Prevalence of individual and combined components of the female athlete triad.

Author information

1
Women's Health and Exercise Laboratory, Noll Laboratory, Department of Kinesiology, Pennsylvania State University, University Park, PA 16802, USA.

Abstract

PURPOSE:

The female athlete triad (Triad) is a syndrome linking low energy availability (EA) with or without disordered eating (DE), menstrual disturbances (MD), and low bone mineral density (BMD) in exercising women. The prevalence of Triad conditions (both clinical and subclinical) has not been clearly established.The purpose of this review is to evaluate the studies that determined the prevalence of clinical or subclinical Triad conditions (low EA, DE, MD, and low BMD) in exercising women and in women participating in lean (LS) versus nonlean sports (NLS) using self-report and/or objective measures.

METHODS:

A review of publications using MEDLINE and PubMed was completed.
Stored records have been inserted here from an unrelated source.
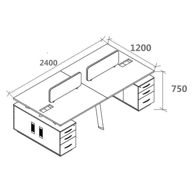 ARTO 4 people Back to Back Workstation 4 Cabinets 2.4M - Warm Oak & Black
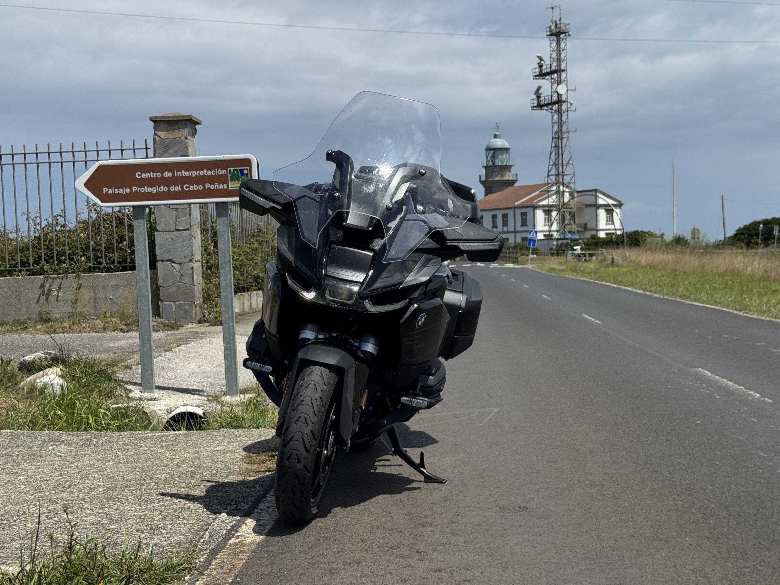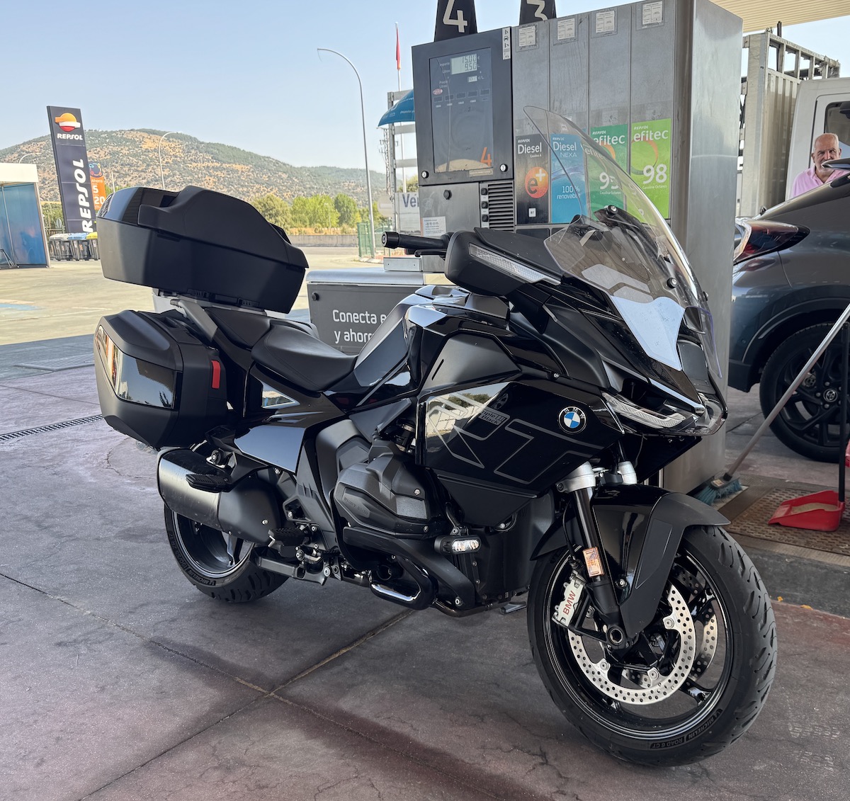 Vuelvo a atravesar mi muy bien conocido el Puerto de Navacerrada en una oscura noche. Las conocidas como siete revuletas son pan comido comparadas con las estrechas y pendiente herraduras de Casielles. La iluminacion adaptativa es fantástica, la retroiluminacion de las piñas me obsesiona y busco con más fallos que aciertos los cambios de funciones al tacto. Es toy a punto de terminar la degustación más exquisita que jamas probé de una moto touring. En el conocido descenso empiezo a hacer balance. La BMW R 1300 RT ha dado un paso de gigante. No tiene nada que ver con su anterior versión la 1250 RT. Todo es nuevo en esta y todo funciona asombrosamente bien. La ergonómica posición de conducción, la difícilmente superable protección aerodinámica, la tecnología de ultima generación que actúa sobre todos los elementos de la motocicleta… Un vistazo al consumo medio durante todo el viaje que marca 5,1 km/100 km es muy ajustado para una moto tan pesada y con tanta superficie frontal con la que no me he cortado nada en apretar el gas en bastantes ocasiones. Si apelativos una moto touring para viajar en primera clase.
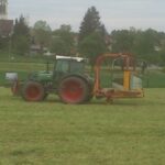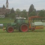 Mit einem 3.20m breiten Doppelmessermähbalken, heckseitig, werden eigenen Wiesen schonend gemäht. Bei dieser Technik werden Instekten, vor allem Bienen, zu 100% verschont. Je nach Bestandesart kann mit bis zu 7 km/h gefahren werden. Auf Anfrage werden auch fremde Wiesen gemäht.
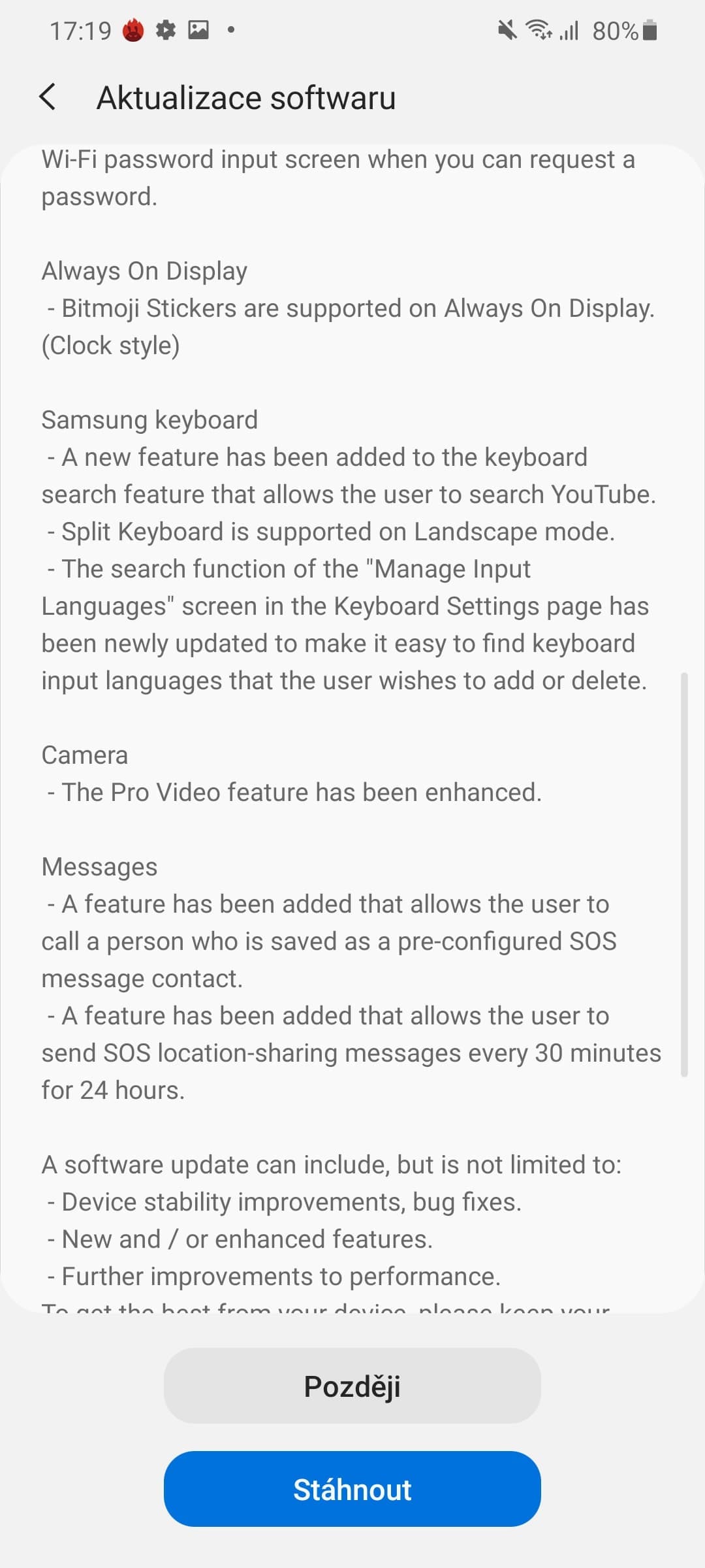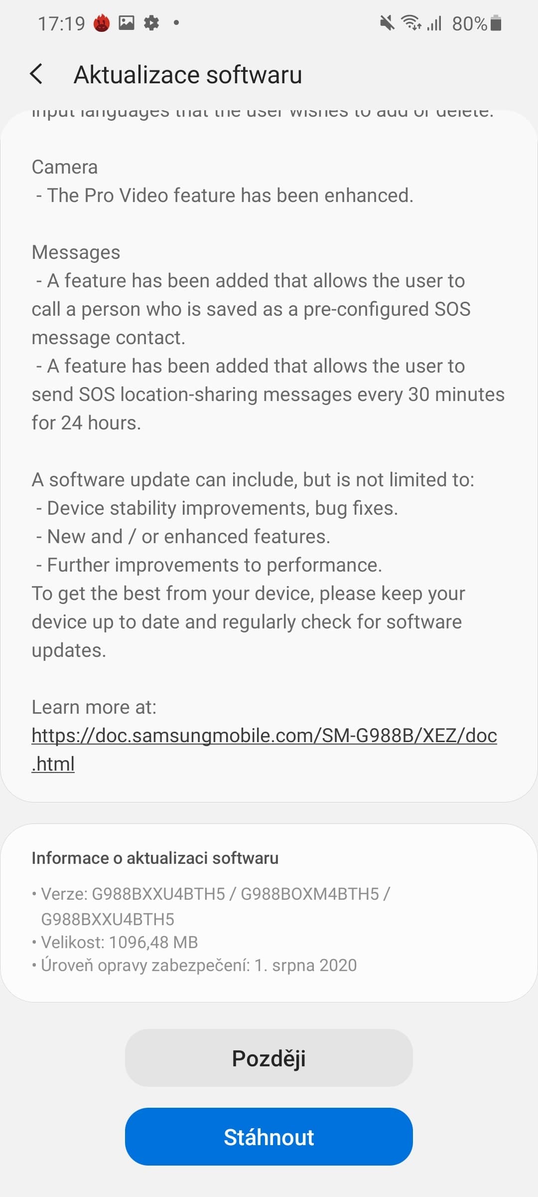 Balíček aktualizací nepřináší pouze vylepšenou nadstavbu One UI 2.5 s mnoha novinkami (podrobně popsáno v changelogu na přiložených screenshotech), ale také srpnovou aktualizaci bezpečnostních záplat. Aktualizace má skoro 1,1 GB a pro její stažení se tak doporučuje použít stabilní Wi-Fi připojení.
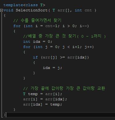 [Algorithm] Selection Sort : 선택 정렬, 선택 소트 ( 코드 포함 )
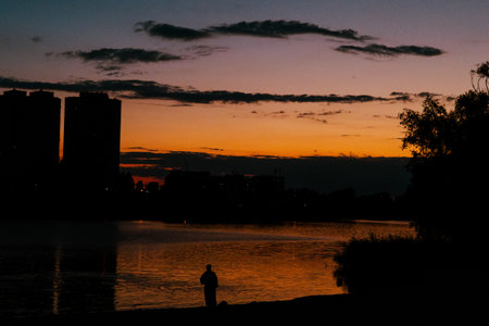 Vibrant sunset casting a warm glow over the lake and a lone fisherman. A stunning sunset bathes a tranquil lake, silhouetting buildings and a person fishing, creating a serene and peaceful atmosphere.
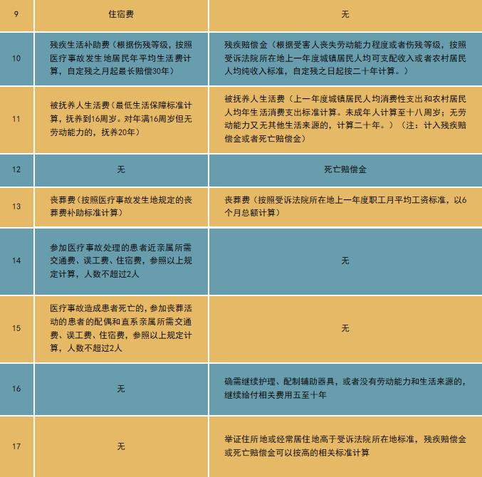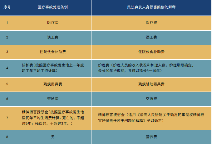 《民法典》及《人身损害赔偿的解释》与《医疗事故处理条例》的赔偿项目和标准比较,见下表:
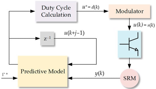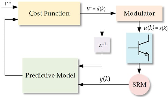 DPC addresses the constrained finite-horizon optimization control challenge by directly determining the optimal input sequence using the predictive model [67]. Utilizing machine parameters, the current state x(k), and the previously computed best input sequence u(k), the upcoming input sequence u(k + j) is forecasted by the predictive model, which brings the error to nil. Figure 7 shows the basic block diagram of this procedure. The intent is to accomplish a zero error in the forthcoming sampling period, which results in y(k +1) equating to Γ*. Thus, the model’s representation can be described as
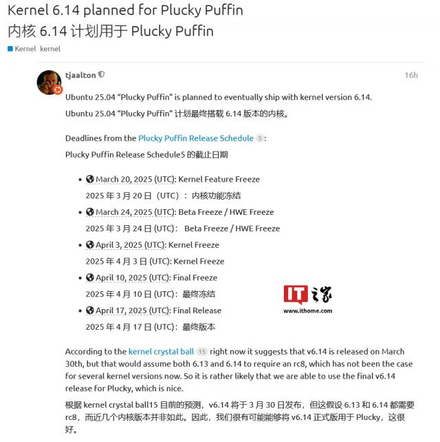 IT 世家 12 月 14 日消息,Canonical 工程师 Timo Aaltonen 昨日(12 月 13 日)在 Ubuntu 论坛发帖,确定 Ubuntu 25.04 将使用发行版 Linux 6.14 核心。
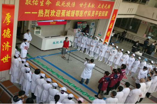 药剂科科长李枝端作为校友代表发言。他感谢母校的辛勤教导,表示将继续谨遵母校“业精德诚”的校训精神,兢兢业业奋战在一线。同时要尽力关心爱护来院实习的学弟学妹,重视他们的培养,为他们的成长负责。
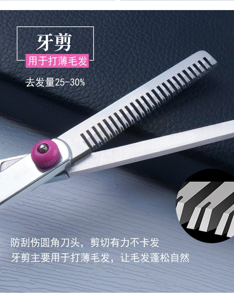 blue fish mouth straight scissors + thinning scissors + lower warped + steel comb + bag
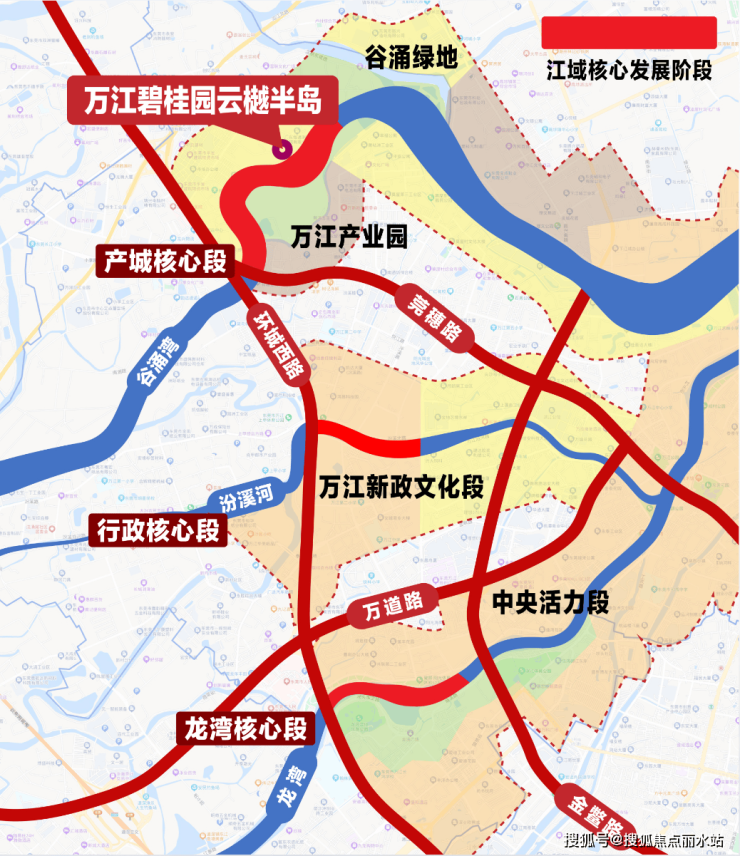 那么,我们还要看懂万江的江域规划,万江一脉三江,以三条江域为依托,划分三条核心发展段,分别是龙湾核心段、行政核心段以及产城核心段。

Randomized controlled trials and observational studies that evaluated the prevalence of clinical and subclinical Triad conditions (MD, low BMD, low EA, and DE) in exercising women were included.

RESULTS:

Sixty-five studies were identified for inclusion in this review (n = 10,498, age = 21.8 ± 3.5 yr, body mass index = 20.8 ± 2.6 kg·m; mean ± SD). A relatively small percentage of athletes (0%-15.9%) exhibited all three Triad conditions (nine studies, n = 991). The prevalence of any two or any one of the Triad conditions in these studies ranged from 2.7% to 27.0% and from 16.0% to 60.0%, respectively. The prevalence of all three Triad conditions in LS athletes versus NLS athletes ranged from 1.5% to 6.7% and from 0% to 2.0%, respectively. LS athletes demonstrated higher prevalence rates of MD and low BMD (3.3% vs 1.0%), MD and DE (6.8%-57.8% vs 5.4%-13.5%), and low BMD and DE (5.6% vs 1.0%) than the NLS athletes.

CONCLUSIONS:

Although the prevalence of individual/combined Triad conditions is concerning, our review demonstrates that additional research on the prevalence of the Triad using objective and/or self-report/field measures is necessary to more accurately describe the extent of the problem.

PMID:
23247706
DOI:
10.1249/MSS.0b013e31827e1bdc
[Indexed for MEDLINE]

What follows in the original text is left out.